• AIM OF THE TASK
The material below holds pictures; leave them out, and copy exactly, and only, the lines from the one with "Предмет исследования (КР." through the last.

• SOURCE DATA
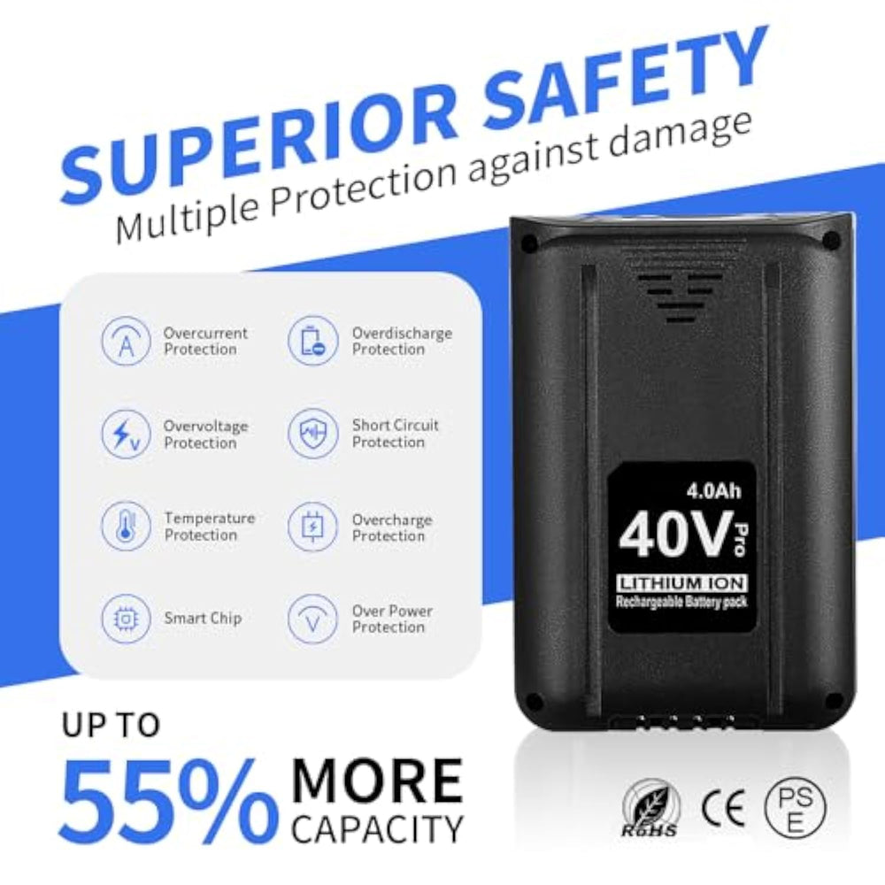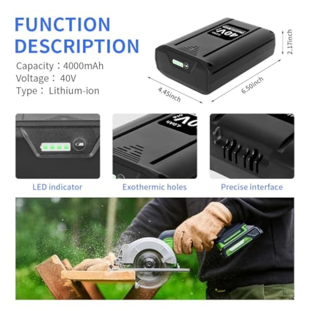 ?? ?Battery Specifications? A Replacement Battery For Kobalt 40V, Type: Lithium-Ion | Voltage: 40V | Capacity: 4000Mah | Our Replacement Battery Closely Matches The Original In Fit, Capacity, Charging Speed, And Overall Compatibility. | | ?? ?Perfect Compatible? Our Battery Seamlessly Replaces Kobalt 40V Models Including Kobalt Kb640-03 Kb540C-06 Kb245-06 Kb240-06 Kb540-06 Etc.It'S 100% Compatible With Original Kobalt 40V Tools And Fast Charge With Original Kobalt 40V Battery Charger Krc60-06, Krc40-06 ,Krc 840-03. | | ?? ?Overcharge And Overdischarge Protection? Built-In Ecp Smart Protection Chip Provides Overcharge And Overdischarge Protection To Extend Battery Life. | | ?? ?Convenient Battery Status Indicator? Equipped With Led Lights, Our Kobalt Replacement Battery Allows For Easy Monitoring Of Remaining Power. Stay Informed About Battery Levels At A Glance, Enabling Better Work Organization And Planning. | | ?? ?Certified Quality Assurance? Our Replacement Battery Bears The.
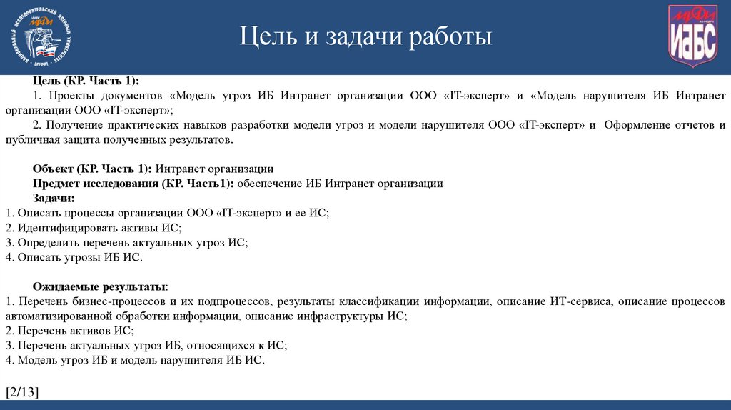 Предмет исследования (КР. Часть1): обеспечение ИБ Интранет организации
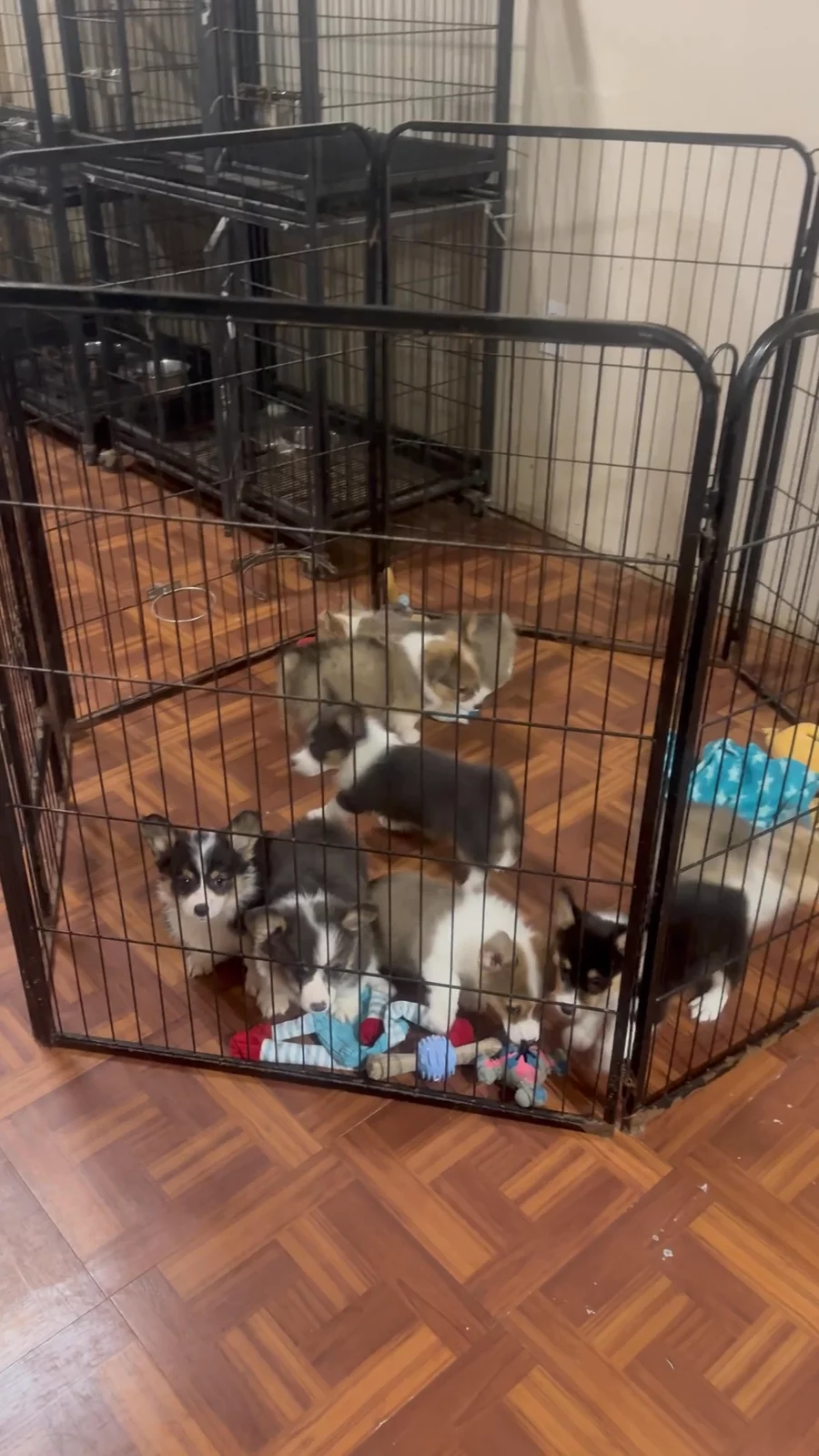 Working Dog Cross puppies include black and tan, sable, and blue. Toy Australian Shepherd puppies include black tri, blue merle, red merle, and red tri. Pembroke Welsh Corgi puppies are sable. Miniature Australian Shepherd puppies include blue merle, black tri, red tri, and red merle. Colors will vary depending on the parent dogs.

• YOUR SOLUTION
 Предмет исследования (КР. Часть1): обеспечение ИБ Интранет организации
 Working Dog Cross puppies include black and tan, sable, and blue. Toy Australian Shepherd puppies include black tri, blue merle, red merle, and red tri. Pembroke Welsh Corgi puppies are sable. Miniature Australian Shepherd puppies include blue merle, black tri, red tri, and red merle. Colors will vary depending on the parent dogs.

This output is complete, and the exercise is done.